Perhaps the greatest testament to the Intern Initiative is that the past three assistant Rabbis have been chosen from among our Senior Intern and that now, in the job description of each Assistant Rabbi appears the obligation “to assist in the coordination of Rabbinic Interns.” Once I saw that a large mainstream congregation could be used as a training platform; now the members and leaders of the community define their synagogue as a Teaching Shul.
3. What are you most looking forward to at YouthCon?
I am looking forward to learning. The conference has gathered some of the most creative and accomplished people dedicating themselves to the transmission of the Massorah. And I am looking forward to meeting the young people who are just beginning their adventure in Jewish education. I know that some of the stars of tomorrow will be in that hotel, and I am impatient. I can't wait for tomorrow ; I want to meet them now!

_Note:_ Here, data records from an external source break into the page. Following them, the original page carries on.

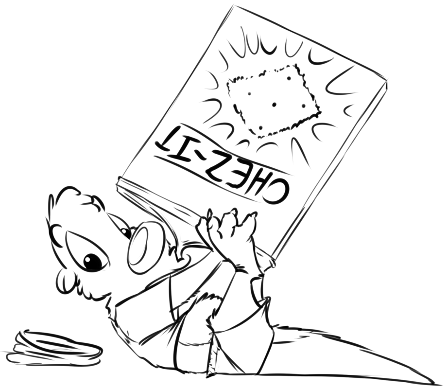 He was raised on Cheez-It's. I drew this because he refused to eat one, claiming he was on some diet somewheres.
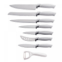 Royalty Line RL-WHT7-W: Sada 7 nožů s nepřilnavým povrchem a loupačem - bílá barva
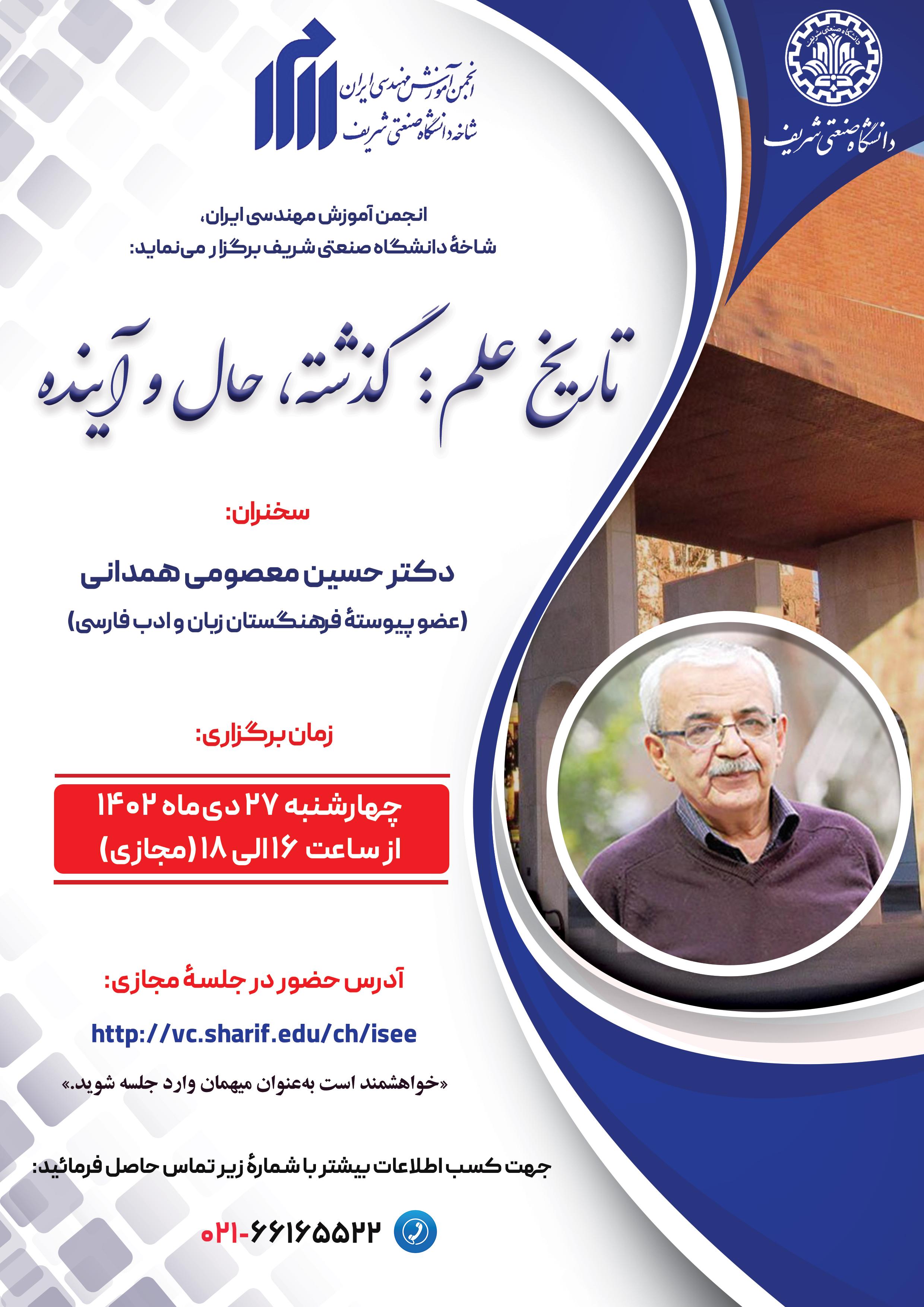 برگزاری همایش "تاریخ علم: گذشته، حال و آینده" برگزاری همایش "تاریخ علم: گذشته، حال و آینده" توسط انجمن آموزش مهندسی ایران، شاخه دانشگاه صنعتی شریف. اطلاعات تکمیلی در فایل پیوست قابل مشاهده است....
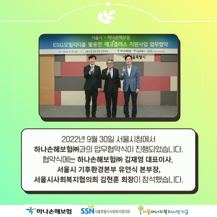 2022년 9월 30일 서울시청에서 하나손해보험㈜과의 업무협약식이 진행되었습니다. 협약식에는 하나손해보험㈜ 김재영 대표이사, 서울시 기후환경본부 유연식 본부장, 서울시사회복지협의회 김현훈 회장이 참석했습니다.본 사업은 '이동권 약자와의 동행' 및 '탄소중립 실천'을 위한 하나손해보험의 ESG경영 일환으로 추진되었습니다. 그간 차량이 없었던 기관, 혹은 차량이 노후되어 시설 운영에 어려움을 겪던 기관에 전기자동차 구입을 지원하여 온실가스 감축 및 이동권 약자의 편의를 개선하는 의의를 가지게 됩니다. 복지 서비스 제공기관에 친환경 전기차를 지원하여 복지 서비스 접근성을 높이고, 기후위기 문제를 해결하기 위해 앞장서 탄소 중립을 실천해 주신 하나손해보험㈜에 진심으로 감사합니다. |
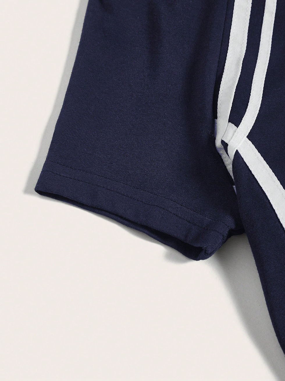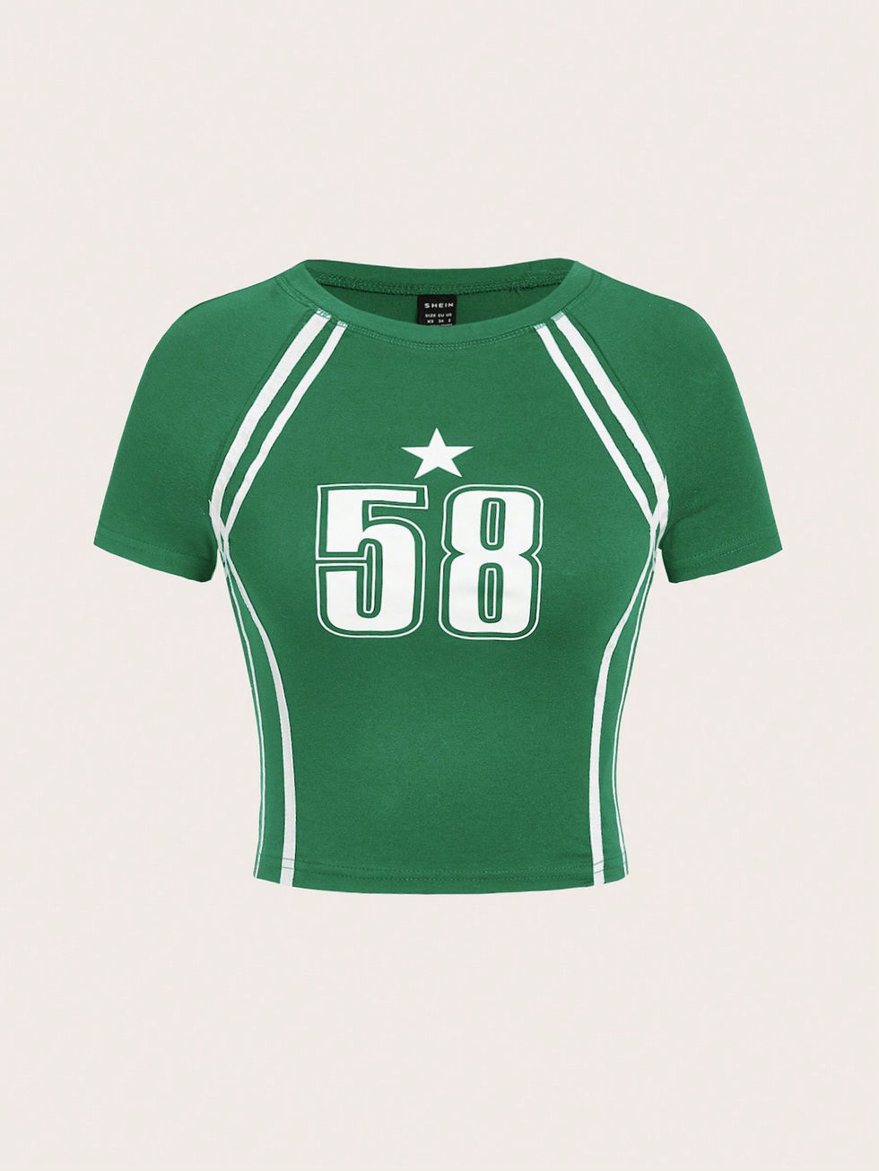 EZwear Listrado & Impressão De Número Camiseta Cortada
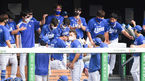[OSEN=잠실,박준형 기자]13일 서울 잠실구장에서 ‘2020 신한은행 SOL KBO리그’ LG 트윈스와 삼성 라이온즈의 경기가 진행됐다.2회초 삼성 선두타자 김동엽이 솔로홈런을 날리고 동료들의 축하를 받고 있다. / soul1014@osen.co.kr
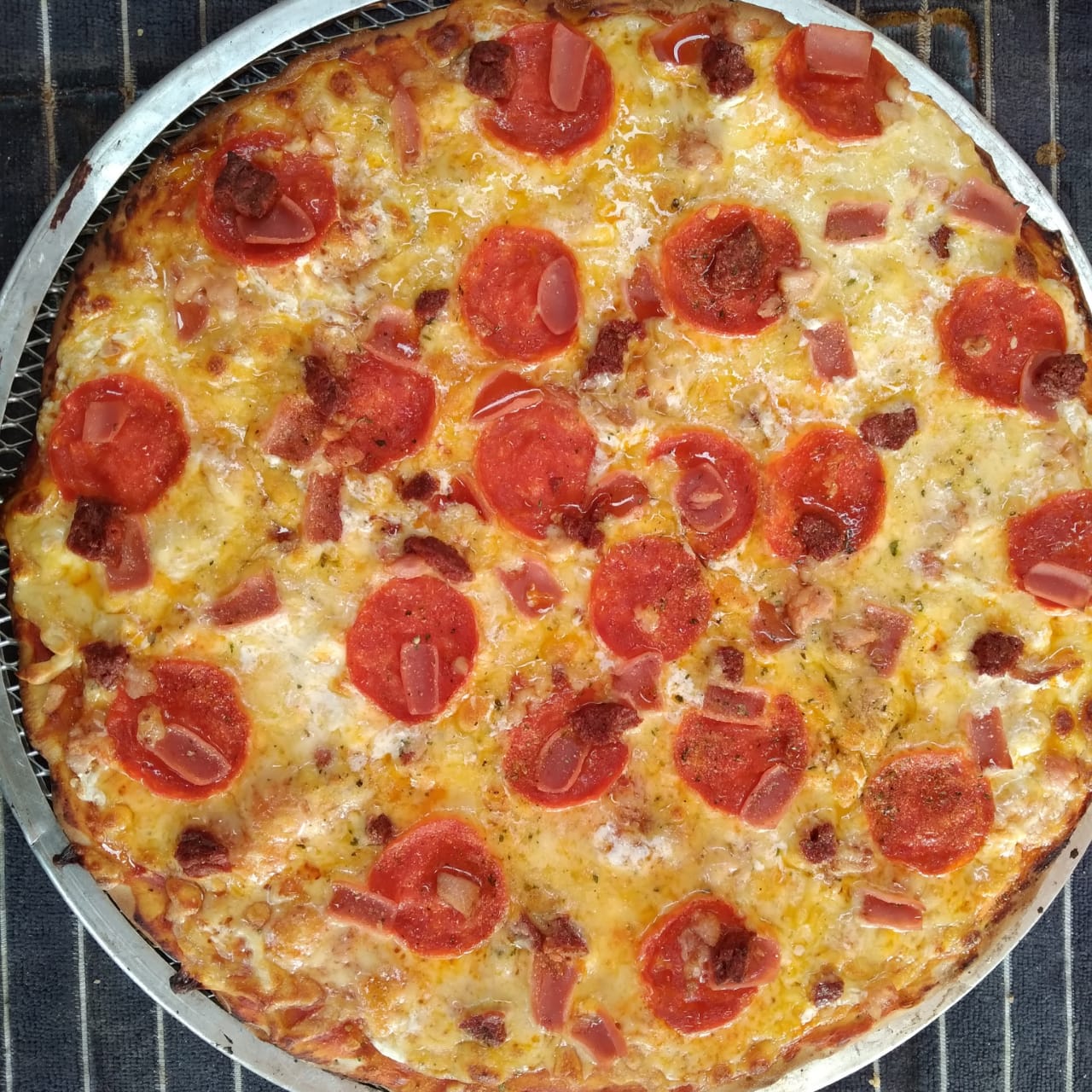 Pizza de 30 cm de jamón, pepperoni, tocino y chorizo.

------------------------------
Rabbi Jonathan I. Rosenblatt, a native of Baltimore, has served for more than a quarter century as the Senior Rabbi of the Riverdale Jewish Center, Bronx NY. Under his leadership the RJC has become the largest 'teaching synagogue' in the country, through its Rabbinic and Pre-rabbinic internship programs. Rabbi Rosenblatt holds a BA and an MA of the Johns Hopkins University and a Phd of Columbia University. He studied in Yeshivat Har Etzion and was ordained by RIETS. He and his wife Tzipporah, an attorney, have 4 children.